『ファントム』『グランドホテル』『NINE』などを手がけてきたモーリー・イェストン氏が、日本それも小林一茶を題材に原案・作詞・作曲した『ISSA in Paris』(2026年1月・日生劇場、2月・梅田芸術劇場メインホール、御園座)は、古典とSFが交錯する挑戦的なミュージカルです。
musical『ISSA in Paris』あらすじ
現代の東京。シンガーソングライターISSAこと海人(海宝直人)は、母親の死から立ち直れず作曲できないスランプに陥っていた。
俳人・小林一茶(岡宮来夢)の研究者でもある海人の母は、一茶の消息不明とされる「空白の10年」について、当時の鎖国をかいくぐりパリへ行っていたという仮説を立てていた。
曲のインスピレーションを得ようともがく海人は、空白の10年を突き止めるべくパリに旅立つ。
海人にとってそれは自らのレゾンデートルを探る旅でもあった。
一茶の江戸時代&革命期のパリと、現代の東京&パリがシンクロ
小林一茶と名乗る前、本名の小林弥太郎時代の空白の期間を創造するだけでも新しいのに、現代の青年を時空を超えてかかわらせる作劇(高橋知伽江さん脚本・訳詞、藤田俊太郎さん演出)が巧みです。
海人を現代における歌人とし、弥太郎は江戸の俳人。今昔をふたりのアーティストが結ぶ設定も心憎い。
プロットを作るだけで混乱しそうですが。
モーリー・イェストンさんの曲よりも、ひじょうに複雑で難しい構成に感嘆しました。
短冊を縦横に連ねてパラレルワールドを表した、美術の松井るみさんのアイデアにも圧倒されます。

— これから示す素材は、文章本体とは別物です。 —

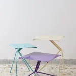 This project is a research on the expressive possibilities of shape and its ability to generate a sensation of movement and action even in complete stillness. The tables are slightly inspired by zoomorphic shapes and are born from an ironic pun on the word furniture, “mobile” in Italian, which means “something that can move”. Therefore, if a piece of furniture can be moved, can tables walk? This playful and ironic aspect is highlighted by the choice of using a wide range of pastel colors to paint the ” Tavoli che camminano “
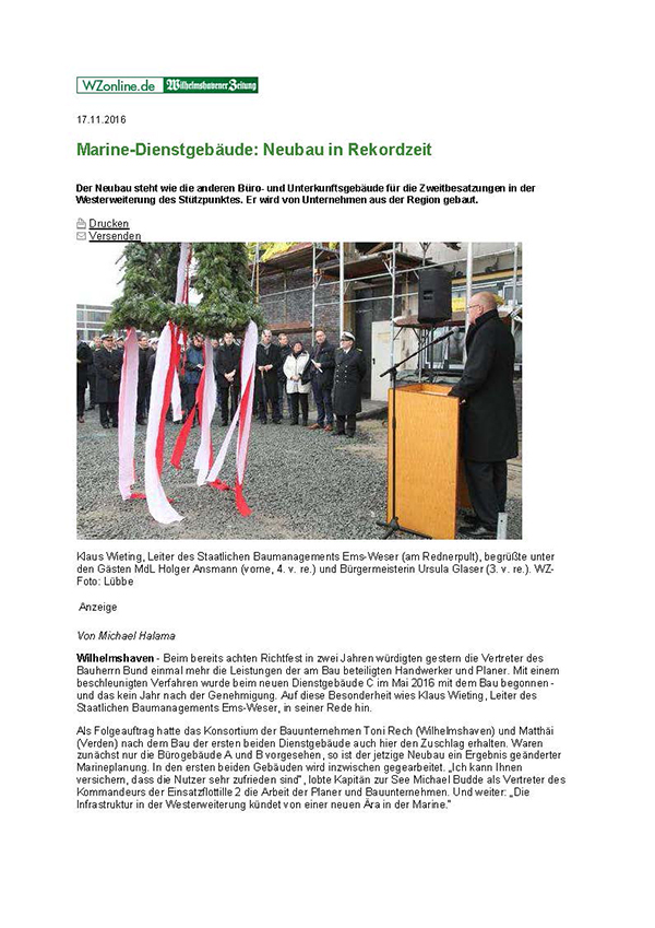 Zeitungsartikel aus der Wilhelmshavener Zeitung vom 17.11.2016.
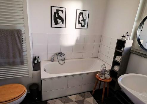 Das angrenzende Badezimmer ist weiß gefliest, mit hochwertigen Sanitärobjekten und einem Handtuchheizkörper ausgestattet. In der Badewanne lässt es sich hervorragend vom stressigen Alltag entspannen.

渡仏した海人のガイド役で日系人振付家ルイーズ(潤花)、弥太郎が革命期のパリで出会う舞台女優テレーズ(豊原江理佳)もシンメトリーなバランスとなっていて、ありがちなラブラブとならなかったのも個人的には好感です。
下級とされた百姓や遊女が無名の弥太郎青年を応援し、船員の協力を得て密入国で渡仏した弥太郎が革命期の民衆の怒りを目の当たりにする。
いっぽうで現代のルイーズがダンサーとして自立し、デモなどに参加するくだりなどは今の時代を映す要素として必要なのだなぁと。
海宝さんは言うまでもなく、初見の岡宮さんと豊原さんが特に素晴らしかった。
完全オリジナルの日本初演で空席があったのが実にもったいない。
海外公演や再演につながるといいですね。